First, the whole point of Easter is that God the creator has dealt with everything that messes up his wonderful world, and has set in motion his plan to sort it all out, to put it all right, to remake it so that it is filled with his glory and beauty. And we who hear the news of this, even though it doesn’t make much sense to the world around, are called to be the advance runners for this project. From one point of view this means working for justice – to put things right, to remind our rulers and authorities that that’s their job and to hold them to account on it, to be alert for the places where injustice is done and speak up about it, whether it’s a rural community losing its post office, an asylum seeker being bullied by the Home Office, a company forcing people into redundancy to fund big payments to top executives, or whatever. From another point of view it means working for beauty, to restore beauty to our towns and our countryside, to enhance the beauty of nature and to reflect it in fresh works of art, music, dance, poetry, whatever. From another point of view it means working to heal and renew our wonderful planet, making it fruitful and abundant and preventing it being poisoned. Easter is about God’s new creation and we are called, surprising though it may seem, to be agents of that new creation here and now.
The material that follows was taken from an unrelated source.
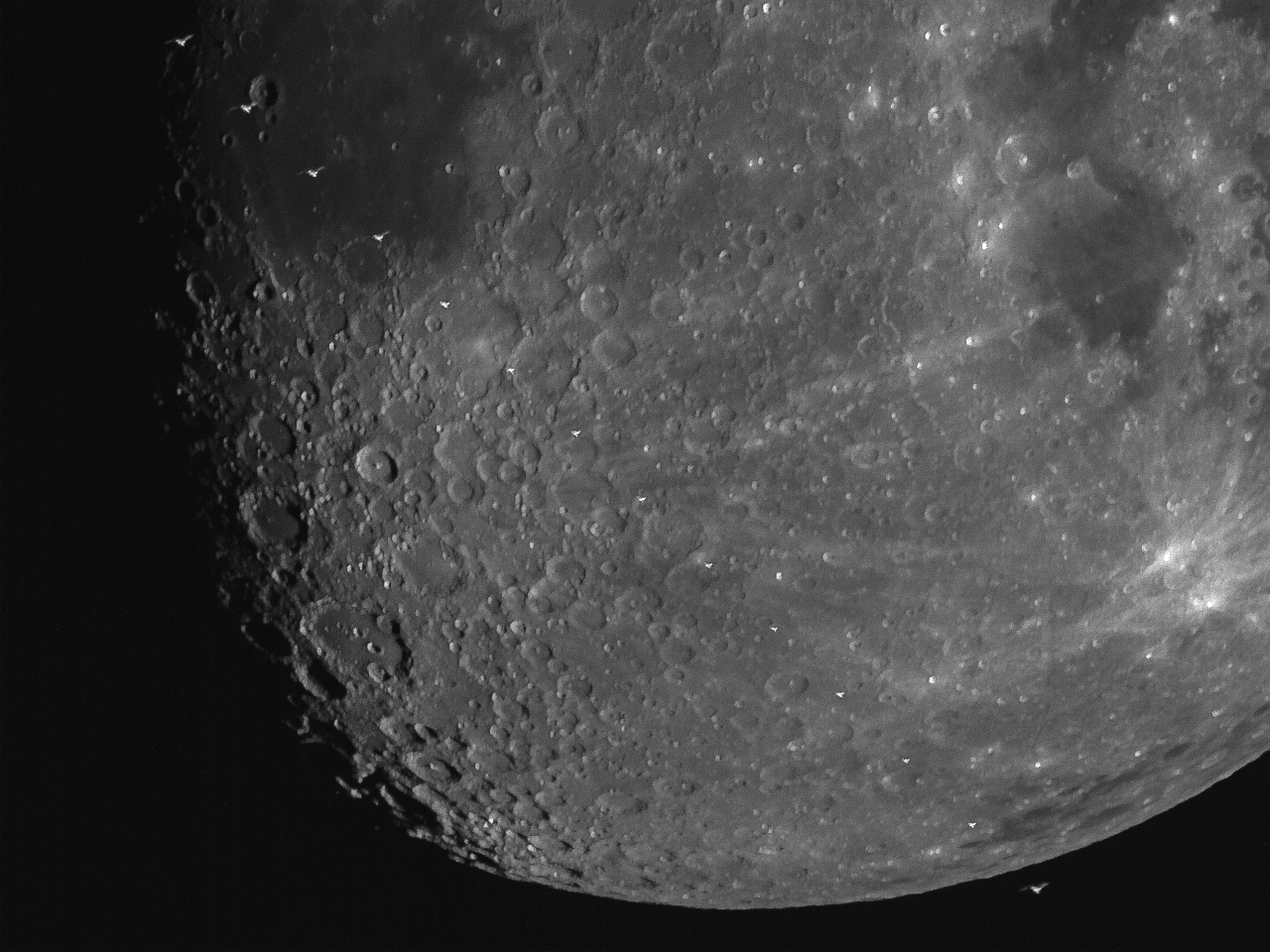 Auf die Sekunde genau, wie von CalSky versprochen, zog die Internationale Raumstation am Sonntagabend um 22:04:08 Uhr MESZ am zunehmenden Mond vorbei. Es war das erste Mal, dass ich diese Passage mit voll beleuchteter Raumstation vor dem Mond fotografieren konnte … mal was anderes. Die Entfernung war leider groß, 913 km, was dazu führte dass die ISS ziemlich winzig erscheint … und eher einer Taube ähnelt … aber einer sehr schnellen!

Second, to be agents of new creation we must ourselves become, and live as, people of new creation. And that means holiness, which means rediscovering what a full and genuine human life was always meant to be like. Our world has lived on so many lies and half-truths about what it means to be human, whether it’s the celeb culture, the drug culture, the idolisation of sport, the obsession with sex, or just the slow deterioration of human relationships and community. The challenge to personal holiness always comes as a shock, like someone waking you up at midnight and insisting that you’ve got to come running to see the new dawn. We are called to be Easter people, resurrection people, leaving behind in the grave all that spoils and downgrades our human calling.
Third, to be people of new creation, people of justice and beauty, we must be people of worship. We have heard the great story which carries us forwards as God’s people, the story of God’s mighty acts from creation to new creation. That story is the heart of our worship, and as we find ourselves caught up in it again we turn it into prayer and praise and eucharist. Christian worship, and the carefully structured liturgy which makes sure we are really paying attention to the whole counsel of God, shapes us as communities, and shapes our personal characters, so that we really are worshipping the living God made known in the resurrection of his Son, and so that our habits of life, communal and personal, may bit by bit be brought into line with the new day that has dawned.
So there’s plenty to do, plenty of running to and fro in the excitement of the Easter morning. But at the heart of it all there is the still centre, the moment of wonder and awe, the moment when Peter and John come into the tomb and discover not only that the body of Jesus has disappeared but that the grave-cloths have been carefully put aside, indicating that the body has not merely been resuscitated but transformed. It is that transforming power of the new day that we invoke tonight, this most holy night, as we seek in love and gratitude to become truly Easter people, the people of the daytime for a world still in darkness, the people of Jesus for the world he loved so much that he gave his life. Let us then celebrate God’s victory over death itself, and commit ourselves once more to follow him into the new day.